From the definition of $$$M_{k}$$$, we know that it is possible to split prefix $$$[0:i-M_k]$$$ (see drawing) into $$$k - 1$$$ segments. From the contradiction hypothesis we also have that $$$i - M_{k - 1} > i - M_k$$$, and therefore it is possible to split $$$[0:i-M_{k - 1}]$$$ into $$$k - 2$$$ segments.

From the inductive hypothesis we know that $$$M_{k - 1} <= M_{k - 2}$$$. Therefore instead of cutting $$$[0:i-M_{k - 1}]$$$ into $$$k - 2$$$ segments, we can cut it into $$$k - 1$$$ segments and achieve a width that is not greater than it. Then we add on top of it segment $$$[i-M_{k-1}+1:i]$$$ which is guaranteed to make a valid segmentation since the width of the $$$k-1$$$'th segment is not greater than before. Note: this argument only holds because all values in array are $$$>= 0$$$.

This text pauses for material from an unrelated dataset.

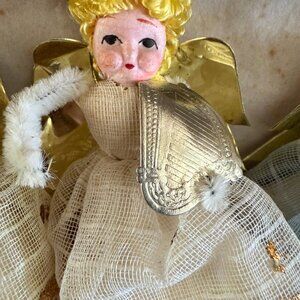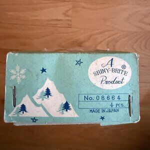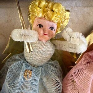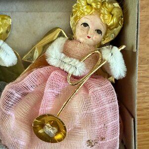 Set of Four Vintage Shiny Brite Christmas Angel Ornaments by Max Eckardt & Sons. Made in Japan in the 1950s or 1960s. The angels feature hand-painted plastic faces, yellow thread curly hair, paper with fabric overlay skirts, and gold foil wings. Two angels in white dresses holding harps, one angel in a blue dress holding a horn, and one angel in a pink dress holding a different style horn. The year on the inside on the paper skirts is difficult to read, but I think it is 1958 or 1959. Hanging holes on the halos and wings. Great vintage condition. Some creasing and curling of the foil wings on the back. Some of the gold trim and decoration on the skirts has worn away.. Original box, but the box has wear and the plastic window insert has been replaced with a piece of plastic wrap. The top of the box also has marker in one spot. Writing on the bottom of the box. There is also a note from someone's Grandma. Delicate and sweet vintage ornaments.

We have now achieved a valid segmentation of $$$k$$$ segments with a width of $$$M_{k - 1} < M_{k}$$$. This is a contradiction (since we defined $$$M_{k}$$$ to be the minimum width among any valid segmentation of length $$$k$$$), and therefore our hypothesis was wrong. Therefore we must have $$$M_{k - 1} >= M_{k}$$$ which proves the inductive step.

Corollary

Let's choose in the theorem above $$$k$$$ to be equal to be the maximum valid segmentation. Then we have that $$$M_k <= M_{k - 1} <= ... <= M_{2}$$$. Therefore there exists a maximum segmentation whose width is equal to the minimum width among any valid segmentation.